Friday, May 21, 2010

Gold Spills Below $1,170 Last Night, Mostly Recovers

The Eurobailout package moved closer to a done deal as the German lower house passed Germany's expanded share of the expanded package. Also passed, by the American Senate, was retiring Sen. Dodd's financial-reform bill; its version doesn't square with the one passed earlier by the House, so the reconciliation process begins. In inflation news, the latest country to see a higher-than-expected inflation rate is Canada. Although only 1.8%, it's part of a trend that has not visited the U.S. as yet.

All of this news didn't help gold all that much. After hovering in the low 1180s yesterday evening, the metal suffered a quick drop of more than ten dollars an ounce just before 10 PM ET. Hovering around $1,170 afterwards, the price recovered somewhat after midnight. The top of the early morning, until 5:00, was $1,180; two attempts to get above failed until that time. Shortly after 5:00, the metal managed a leap to $1,186.20 and a hover just below $1,185. That new level gave way to a drop to $1,180; after testing that level from just after 6:00 to just before 8:00, the metal rose above it slightly. As of 8:04, the spot price was $1,181.50 for a drop of $1.50 on the day. The Kitco Gold Index attributed -$5.60 to predominant selling and +$4.10 to a weakening greenback.
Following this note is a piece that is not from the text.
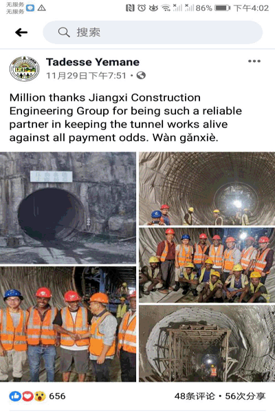 參觀結(jié)束時(shí),Tadesse先生由衷感謝大家的辛勤付出,對項(xiàng)目部順利完成隧洞首倉襯砌砼表示高度贊許,并相信項(xiàng)目部一定能保質(zhì)保量完成隧洞二期襯砌施工。Tadesse先生還在Facebook(臉書)平臺分享了本次隧洞參觀的經(jīng)歷,并表達(dá)了對我公司作為戰(zhàn)略合作伙伴的充分信任。
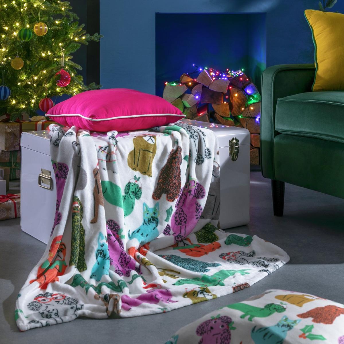 Habitat Happy Howlidays Dog Print Throw - Multi - 125x150cm

The U.S. Dollar Index stayed below 86 as the Euro kept rising. A Reuters report says that short positions in the currency are stil being unwound as something of a short squeeze develops. [That selling of gold for margin might well have been to meet margin calls on Euro shorts.] A night decline took the Index down to below 85.15; it ended at 12:25 AM. Subsequently, the Index managed to rally almost to 86, on two occasions, before pulling back; since 2:30, it's been in a trading range between 85.5 and 86. As of 8:13, the Index was at 85.85.

A Reuters report, as webbed by the Globe and Mail, says the slide was halted by some bargain-hunting buying.
Prices earlier fell to a low of $1,166.50 an ounce, down more than 5 per cent from last Friday. Traders say prices are due a period of consolidation after rising 6 per cent in the first two weeks of May to record highs at $1,248.95 an ounce.

“We traded up from $1,125 to the high at $1,248 not even in a month, so it is quite normal that you have a movement against that,” said Commerzbank trader Michael Kempinski.

“There is really too much investor money in there, and the funds are not all interested in the long term performance. Long term, I’m not really worried, I’m sure gold is coming back.”

The correction in prices is also likely to bring more demand for physical gold, in the form of coins, bars and jewellery, Mr. Kempinski said. “It’s good to have a healthy consolidation, so that the physical market comes back into line.”
Also mentioned is the fact that the SPDR Gold Shares Trust's holdings remained unchanged yesterday; other gold ETF holdings are firm.

The morning Bloomberg report, as webbed by Business Week, said that gold declined with other commodities this week but might advance if Eurobailout-related fears come back.
“Many would see the latest pullback as a good opportunity to go long yet again,” said Andrey Kryuchenkov, an analyst at VTB Capital in London. “As long as the flight to safety carries on, gold will perform better than other precious metals and most commodities.”...

“There is a lack of confidence in the euro zone, and people may have to shift portfolio assets to safer vehicles” such as gold, said Bernard Sin, head of currency and metals trading at bullion refiner MKS Finance SA in Geneva. “We think the market is very oversold. Bargain-hunters may come in and support prices.”...

“Long-term-oriented investors are still accumulating gold,” Eugen Weinberg, a Frankfurt-based analyst with Commerzbank AG, wrote in a report yesterday. The recent slump “is probably attributable to profit-taking by speculative investors,” Weinberg wrote.
The parade of experts have lined up with buy-on-the-dips.

A Wall Street Journal report is less sanguine, noting that more selling may come due to more margin calls needing to be met. The report quotes someone bringing up equities plus other markets.
Gold also is struggling against bearish short-term technical factors. Its slide this week broke through several key trendline supports, triggering selling from funds that rely upon technical trading strategies.

"I think there's still more space on the downside," said Commerzbank precious metals trader Michael Kempinski in Luxembourg.

With regular trading open, gold went on another downward slide of ten dollars an ounce; the bottom, reached just before 8:40, was $1,172. The metal then rallied a little. As of 8:54 AM, spot gold was at $1,174.10 for a drop of $8.90 on the day. The Kitco Gold Index assigned -$14.50's worth of change to predominant selling and +$5.60's worth to weakness in the greenback. The U.S. Dollar Index sunk back from 85.9 but didn't broach the lower end of its range; as of 8:57, it was at 85.56.

So far, the bargain hunting hasn't made its appearance in the pit shift. It may later in the day.